Information
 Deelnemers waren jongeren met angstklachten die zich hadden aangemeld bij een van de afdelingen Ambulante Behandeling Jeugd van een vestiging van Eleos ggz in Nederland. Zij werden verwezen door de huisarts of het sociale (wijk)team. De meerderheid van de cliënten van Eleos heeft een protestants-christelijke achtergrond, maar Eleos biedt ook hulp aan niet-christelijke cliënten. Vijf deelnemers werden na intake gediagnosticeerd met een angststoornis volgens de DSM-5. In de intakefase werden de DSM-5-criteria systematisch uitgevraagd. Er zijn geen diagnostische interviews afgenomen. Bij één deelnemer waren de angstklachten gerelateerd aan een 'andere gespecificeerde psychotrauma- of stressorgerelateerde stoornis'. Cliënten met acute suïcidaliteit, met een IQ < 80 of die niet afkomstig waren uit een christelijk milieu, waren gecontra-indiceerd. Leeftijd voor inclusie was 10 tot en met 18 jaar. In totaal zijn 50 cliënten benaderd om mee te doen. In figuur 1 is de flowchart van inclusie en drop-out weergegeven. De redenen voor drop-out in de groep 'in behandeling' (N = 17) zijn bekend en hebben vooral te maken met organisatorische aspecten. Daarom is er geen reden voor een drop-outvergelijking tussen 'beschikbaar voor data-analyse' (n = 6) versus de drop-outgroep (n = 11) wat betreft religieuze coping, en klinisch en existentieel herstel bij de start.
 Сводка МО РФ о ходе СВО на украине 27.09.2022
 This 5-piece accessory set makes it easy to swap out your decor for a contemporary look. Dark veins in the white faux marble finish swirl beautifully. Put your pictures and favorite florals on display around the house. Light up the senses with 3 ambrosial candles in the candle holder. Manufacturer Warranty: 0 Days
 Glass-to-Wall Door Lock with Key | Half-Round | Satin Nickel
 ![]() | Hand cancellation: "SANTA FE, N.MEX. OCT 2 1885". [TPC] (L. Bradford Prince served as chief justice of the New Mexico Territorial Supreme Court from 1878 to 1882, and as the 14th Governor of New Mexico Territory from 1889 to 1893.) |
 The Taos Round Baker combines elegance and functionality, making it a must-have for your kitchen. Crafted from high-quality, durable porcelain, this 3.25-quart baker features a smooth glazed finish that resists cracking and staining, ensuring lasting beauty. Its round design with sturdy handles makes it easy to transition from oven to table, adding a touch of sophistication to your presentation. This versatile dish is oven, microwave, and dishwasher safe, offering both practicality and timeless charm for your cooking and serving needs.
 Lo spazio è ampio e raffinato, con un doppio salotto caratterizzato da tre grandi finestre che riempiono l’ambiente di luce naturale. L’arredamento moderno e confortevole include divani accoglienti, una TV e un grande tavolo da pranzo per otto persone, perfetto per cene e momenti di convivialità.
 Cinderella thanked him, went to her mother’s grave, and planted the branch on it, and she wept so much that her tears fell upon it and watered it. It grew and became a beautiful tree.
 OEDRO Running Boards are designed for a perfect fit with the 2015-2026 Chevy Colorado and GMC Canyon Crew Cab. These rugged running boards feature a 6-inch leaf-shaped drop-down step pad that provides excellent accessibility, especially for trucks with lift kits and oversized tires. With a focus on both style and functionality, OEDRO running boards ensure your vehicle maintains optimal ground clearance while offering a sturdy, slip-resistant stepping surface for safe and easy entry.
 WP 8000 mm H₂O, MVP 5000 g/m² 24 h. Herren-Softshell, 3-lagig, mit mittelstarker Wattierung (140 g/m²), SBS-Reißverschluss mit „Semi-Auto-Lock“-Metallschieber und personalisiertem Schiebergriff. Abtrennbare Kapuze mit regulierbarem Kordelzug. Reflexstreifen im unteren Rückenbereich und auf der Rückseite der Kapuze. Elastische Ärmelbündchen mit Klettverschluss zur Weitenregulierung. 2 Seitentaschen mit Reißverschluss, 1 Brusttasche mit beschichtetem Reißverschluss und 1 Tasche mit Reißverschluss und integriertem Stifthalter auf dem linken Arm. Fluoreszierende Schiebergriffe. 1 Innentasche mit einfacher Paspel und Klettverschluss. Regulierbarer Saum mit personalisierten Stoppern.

Your goal
Set down every record above exactly as given.

Solution below
 Deelnemers waren jongeren met angstklachten die zich hadden aangemeld bij een van de afdelingen Ambulante Behandeling Jeugd van een vestiging van Eleos ggz in Nederland. Zij werden verwezen door de huisarts of het sociale (wijk)team. De meerderheid van de cliënten van Eleos heeft een protestants-christelijke achtergrond, maar Eleos biedt ook hulp aan niet-christelijke cliënten. Vijf deelnemers werden na intake gediagnosticeerd met een angststoornis volgens de DSM-5. In de intakefase werden de DSM-5-criteria systematisch uitgevraagd. Er zijn geen diagnostische interviews afgenomen. Bij één deelnemer waren de angstklachten gerelateerd aan een 'andere gespecificeerde psychotrauma- of stressorgerelateerde stoornis'. Cliënten met acute suïcidaliteit, met een IQ < 80 of die niet afkomstig waren uit een christelijk milieu, waren gecontra-indiceerd. Leeftijd voor inclusie was 10 tot en met 18 jaar. In totaal zijn 50 cliënten benaderd om mee te doen. In figuur 1 is de flowchart van inclusie en drop-out weergegeven. De redenen voor drop-out in de groep 'in behandeling' (N = 17) zijn bekend en hebben vooral te maken met organisatorische aspecten. Daarom is er geen reden voor een drop-outvergelijking tussen 'beschikbaar voor data-analyse' (n = 6) versus de drop-outgroep (n = 11) wat betreft religieuze coping, en klinisch en existentieel herstel bij de start.
 Сводка МО РФ о ходе СВО на украине 27.09.2022
 This 5-piece accessory set makes it easy to swap out your decor for a contemporary look. Dark veins in the white faux marble finish swirl beautifully. Put your pictures and favorite florals on display around the house. Light up the senses with 3 ambrosial candles in the candle holder. Manufacturer Warranty: 0 Days
 Glass-to-Wall Door Lock with Key | Half-Round | Satin Nickel
 ![]() | Hand cancellation: "SANTA FE, N.MEX. OCT 2 1885". [TPC] (L. Bradford Prince served as chief justice of the New Mexico Territorial Supreme Court from 1878 to 1882, and as the 14th Governor of New Mexico Territory from 1889 to 1893.) |
 The Taos Round Baker combines elegance and functionality, making it a must-have for your kitchen. Crafted from high-quality, durable porcelain, this 3.25-quart baker features a smooth glazed finish that resists cracking and staining, ensuring lasting beauty. Its round design with sturdy handles makes it easy to transition from oven to table, adding a touch of sophistication to your presentation. This versatile dish is oven, microwave, and dishwasher safe, offering both practicality and timeless charm for your cooking and serving needs.
 Lo spazio è ampio e raffinato, con un doppio salotto caratterizzato da tre grandi finestre che riempiono l’ambiente di luce naturale. L’arredamento moderno e confortevole include divani accoglienti, una TV e un grande tavolo da pranzo per otto persone, perfetto per cene e momenti di convivialità.
 Cinderella thanked him, went to her mother’s grave, and planted the branch on it, and she wept so much that her tears fell upon it and watered it. It grew and became a beautiful tree.
 OEDRO Running Boards are designed for a perfect fit with the 2015-2026 Chevy Colorado and GMC Canyon Crew Cab. These rugged running boards feature a 6-inch leaf-shaped drop-down step pad that provides excellent accessibility, especially for trucks with lift kits and oversized tires. With a focus on both style and functionality, OEDRO running boards ensure your vehicle maintains optimal ground clearance while offering a sturdy, slip-resistant stepping surface for safe and easy entry.
 WP 8000 mm H₂O, MVP 5000 g/m² 24 h. Herren-Softshell, 3-lagig, mit mittelstarker Wattierung (140 g/m²), SBS-Reißverschluss mit „Semi-Auto-Lock“-Metallschieber und personalisiertem Schiebergriff. Abtrennbare Kapuze mit regulierbarem Kordelzug. Reflexstreifen im unteren Rückenbereich und auf der Rückseite der Kapuze. Elastische Ärmelbündchen mit Klettverschluss zur Weitenregulierung. 2 Seitentaschen mit Reißverschluss, 1 Brusttasche mit beschichtetem Reißverschluss und 1 Tasche mit Reißverschluss und integriertem Stifthalter auf dem linken Arm. Fluoreszierende Schiebergriffe. 1 Innentasche mit einfacher Paspel und Klettverschluss. Regulierbarer Saum mit personalisierten Stoppern.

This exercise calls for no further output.